# Greddy Twin Turbo



## wick350z (Nov 7, 2003)

Thinking of getting the Greddy. Has anybody heard of any bad press or a better system?


----------



## cawest (Oct 10, 2003)

I am always into turbos but for the 350z I would decline to put a turbo on the car...because the car has an aluminum block, it is not wise to push the car at full boost....I am getting the ATI Procharger instead...It is a better decision....at 7psi...with the certain mods...you can push 389RWHP...which is AMAZING...The ATI procharger has been dynoed over and over..and it is much better than the Greddy twin turbo.


----------



## Spongerider (Nov 18, 2002)

cawest said:


> *I am always into turbos but for the 350z I would decline to put a turbo on the car...because the car has an aluminum block, it is not wise to push the car at full boost....I am getting the ATI Procharger instead...It is a better decision....at 7psi...with the certain mods...you can push 389RWHP...which is AMAZING...The ATI procharger has been dynoed over and over..and it is much better than the Greddy twin turbo. *


ATI Prochargers do not come with a warrenty besides I heard of a few motors that broke because of it (running lean). I really doubt 389rwhp on that Procharger? Can you post a dyno chart of that run?


----------



## cawest (Oct 10, 2003)

I can search for the dyno n post it up...and yes there have been a couple motors blown...but once in a while it will happen to anything you put...ie..turbo, supercharger, procharger


----------



## Spongerider (Nov 18, 2002)

cawest said:


> *I can search for the dyno n post it up...and yes there have been a couple motors blown...but once in a while it will happen to anything you put...ie..turbo, supercharger, procharger *


Thanks. I talked to Stillen and they said that the Procharger has no warrenty and that a few of their customers that bought that kit have had their engines replaced.  Stillen also said that their super charger come with a warrenty and not one has blown on a customers car. I have yet to hear about this and they claim that their Super Charger makes more power as well? I would like to see their dyno and why I asked if you could find the Prochargers dyno.


----------



## wick350z (Nov 7, 2003)

what does an aluminum block have to do with putting a turbo on the 350 as compared to the procharger?


----------



## AZ_TURBOSE (Oct 22, 2002)

I got some specs on it at the SEMA show... here is a link with some pics and specs.

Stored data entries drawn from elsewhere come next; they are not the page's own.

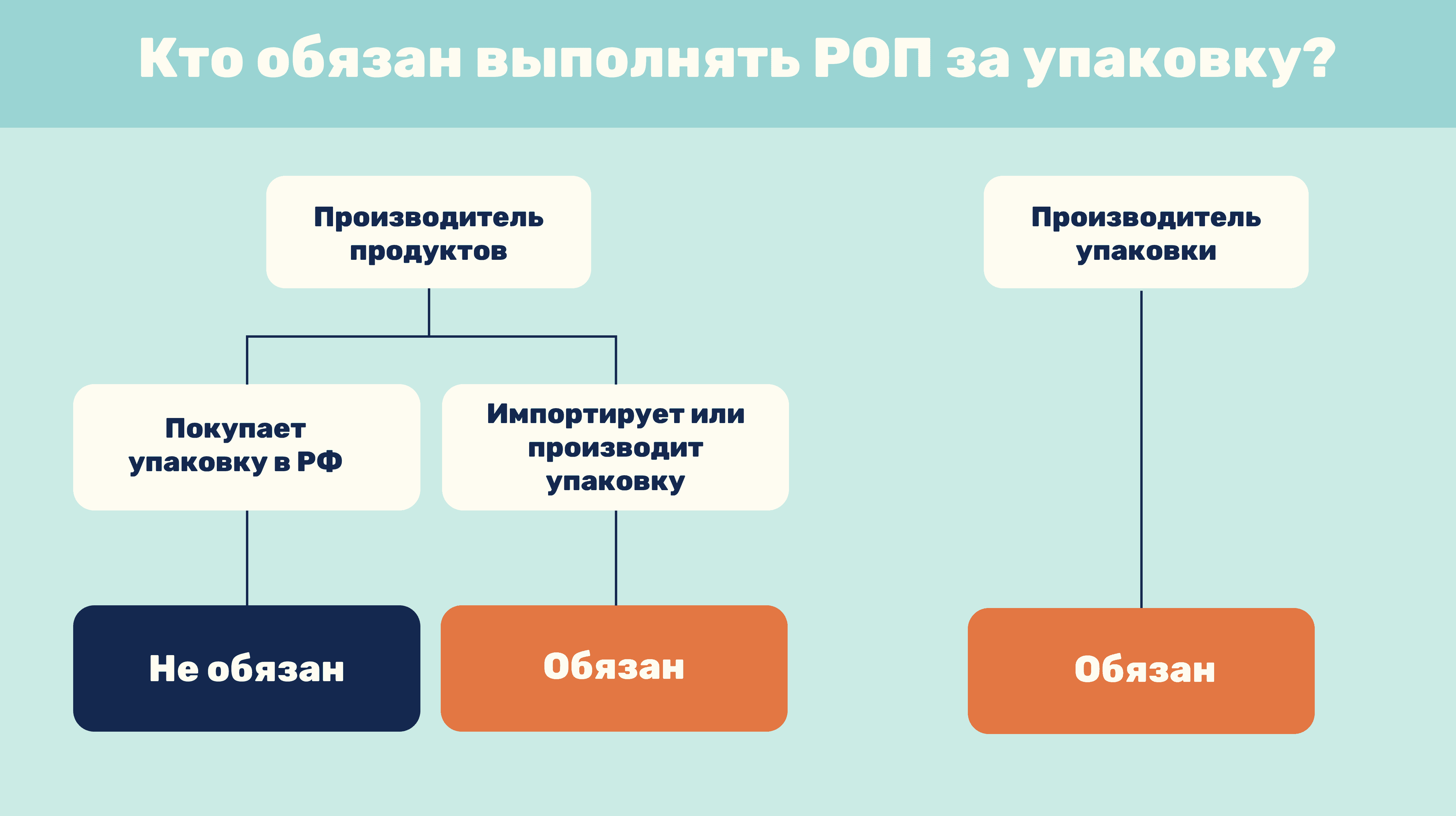 Проще говоря, платит тот, кто первым ввел упаковку в оборот на территории РФ в качестве товара. Если упаковка произведена в России – платит ее производитель. Если упаковка ввезена из-за рубежа – платит импортер. Роль конечного производителя пищевого продукта теперь второстепенна: если он закупает упаковку у российских производителей, то именно эти производители уже заложат затраты РОП в свою деятельность. Зато когда пищевая компания импортирует упаковку или готовые ингредиенты в упаковке, она сама выступает в роли импортера и должна отчитаться за эту тару.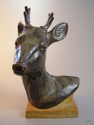 B&G 7002 Hjortehoved i stentøj Af Karl Otto Johansen H: 44 cm.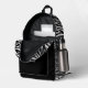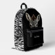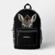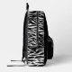 Ce mignon sac à dos a l'image d'un adorable zèbre rayé qui surplombe un mur. Les côtés et le dessus ont un motif zèbre noir et blanc, tandis que la poche noire solide a du texte en argent. Vous pouvez placer votre nom dans le champ texte, ou peut-être penser à quelque chose d'amusant à dire sur la situation difficile du zèbre. C'est à vous de décider !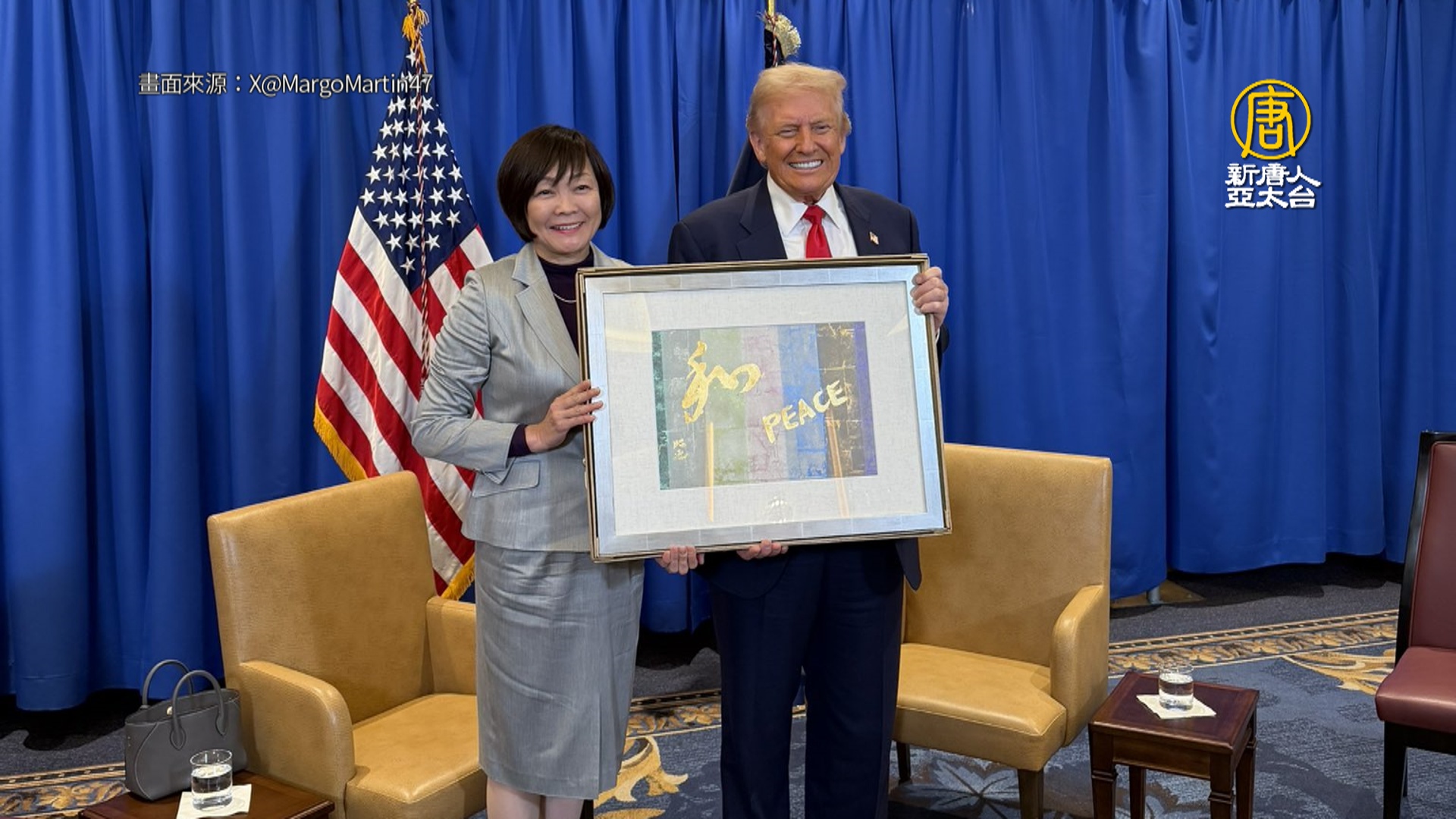 【新唐人亞太台 2025 年 10 月 29 日訊】美國總統川普昨天在日本會見日本前首相安倍晉三的遺孀安倍昭惠,並獲安倍夫人贈送一幅她創作的畫,以綠、紅、藍、黑等顏色組成,且以金色寫上「和平」字樣。

http://www.hpautoworks.com/gr35twtukit.html


----------



## wick350z (Nov 7, 2003)

Didn't the old 300zx Twin Turbo have an aluminum block? As well as the 911?


----------



## cawest (Oct 10, 2003)

I am saying that the aluminum block cannot hold that much...for example, the motor's that were blown (due to the procharger) was due to the car owners pushing the psi past 18 (i believe)..Aluminum blocks are capable of having massive amounts of HP, but will break down a lot more faster than an iron block. Its just stupid to put a 350z having more than 450rwhp


----------



## cawest (Oct 10, 2003)

also in response to the 300zx...they had an iron block with aluminum head


----------



## cawest (Oct 10, 2003)

Spongerider said:


> Thanks. I talked to Stillen and they said that the Procharger has no warrenty and that a few of their customers that bought that kit have had their engines replaced.  Stillen also said that their super charger come with a warrenty and not one has blown on a customers car. I have yet to hear about this and they claim that their Super Charger makes more power as well? I would like to see their dyno and why I asked if you could find the Prochargers dyno.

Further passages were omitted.